La autora Blanca Lozano Cutanda, en su obra Derecho Ambiental Administrativo, nos habla de los Tipos de Sanciones y Medidas Accesorias aplicables en el ámbito de la protección ambiental, señalando lo siguiente:
“Las Sanciones Administrativas pueden ser personales o reales, consistiendo las primeras en la suspensión o restricción de un derecho o de la autorización para el ejercicio de un derecho o en actos de reproche, por ejemplo clausura de un establecimiento o actividad, pérdida de expectativas y derechos, apercibimiento… y las segundas en la imposición del pago de una suma de dinero (sanción pecuniaria) o en la sustracción de una cosa (confiscación, comiso), al culpable de la infracción.
Las sanciones Rescisorias. En el ámbito de protección del medio ambiente es bastante frecuente la utilización, con relación a actividades infractoras potencialmente peligrosas o generadoras de residuos o vertidos, de las denominadas sanciones rescisorias, que consisten en la retirada temporal o definitiva, impuesta en concepto de sanción, del título administrativo habilitante para realizar la actividad en cuyo ejercicio se ha cometido la infracción, con la consiguiente clausura del establecimiento o cese de la actividad.

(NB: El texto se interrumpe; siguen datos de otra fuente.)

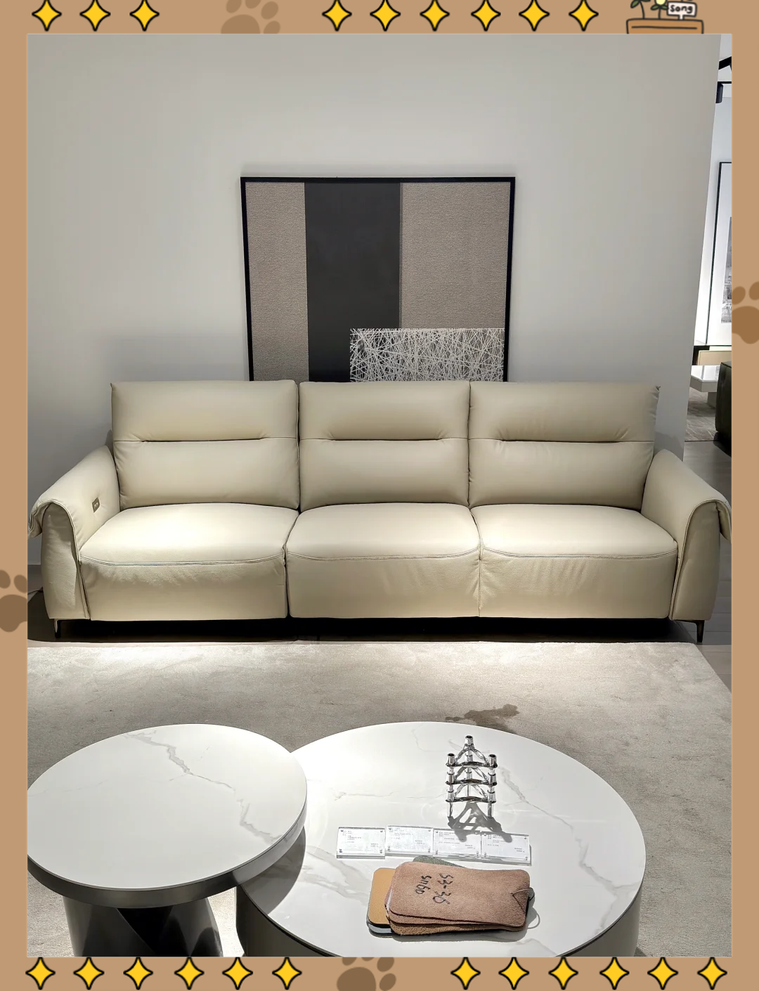 材质与实用性兼顾,细节设计贴心。沙发采用亲肤级科技布材质,防水、防污、耐磨,日常污渍只需用湿抹布轻轻擦拭即可清洁,适合有小孩、宠物的家庭;内部填充高回弹海绵与羽绒混合材质,久坐不塌陷,回弹性出色,既能提供足够的支撑力,又能保证坐感柔软舒适。沙发扶手内置隐藏式USB充电接口,可随时为手机、平板等设备充电,避免客厅电线杂乱的问题;靠背侧面设有隐藏式收纳袋,可存放遥控器、杂志等小物件,保持客厅整洁。

La suspensión o clausura del establecimiento o actividad constituye sin duda la medida sancionadora más contundente y eficaz que la Administración puede imponer ante las actuaciones degradantes del medio ambiente, pero se trata también de una sanción grave que tiene un alto costo económico y social que alcanza por lo general a tercero ajenos a la infracción, como es el caso de los trabajadores o los proveedores de las empresas sancionadas. Por ello, y atendiendo al principio de proporcionalidad que rige, como hemos visto, en el ámbito sancionador administrativo, sólo cabe la imposición de este tipo de sanciones para los supuestos de infracciones graves y lesivas del medio ambiente o de reiteraciones en el incumplimiento de la normativa protectora, es decir, en todos aquellos casos en lo que la actividad o empresa se muestre, por su conducta infractora, como una grave amenaza para el interés público ambiental.
La medida de suspensión de actividades puede también constituir, como veremos una medida accesoria o complementaria de la sanción principal, o bien imponerse como medida provisional antes o durante la tramitación del procedimiento sancionador cuando su adopción se contemple en las normas que regulan los procedimientos sancionadores para asegurar la eficacia de la resolución final que pudiera recaer y poner fin a los efectos perjudiciales de la actividad infractora”. (LOZANA CUTANDA, Blanca. Derecho Ambiental Administrativo. Quinta Edición, Dykinson, Madrid, España, 2004, Pág. 504-507).
Sentencia de 30 de octubre de 2012. Acción de Inconstitucionalidad JHSA c Ley 2 de 7 de enero de 2006, “Que regula las Concesiones para la Inversión y la Enajenación de Territorio Insular para fines de su aprovechamiento turístico y dicta otras disposiciones”. 18650.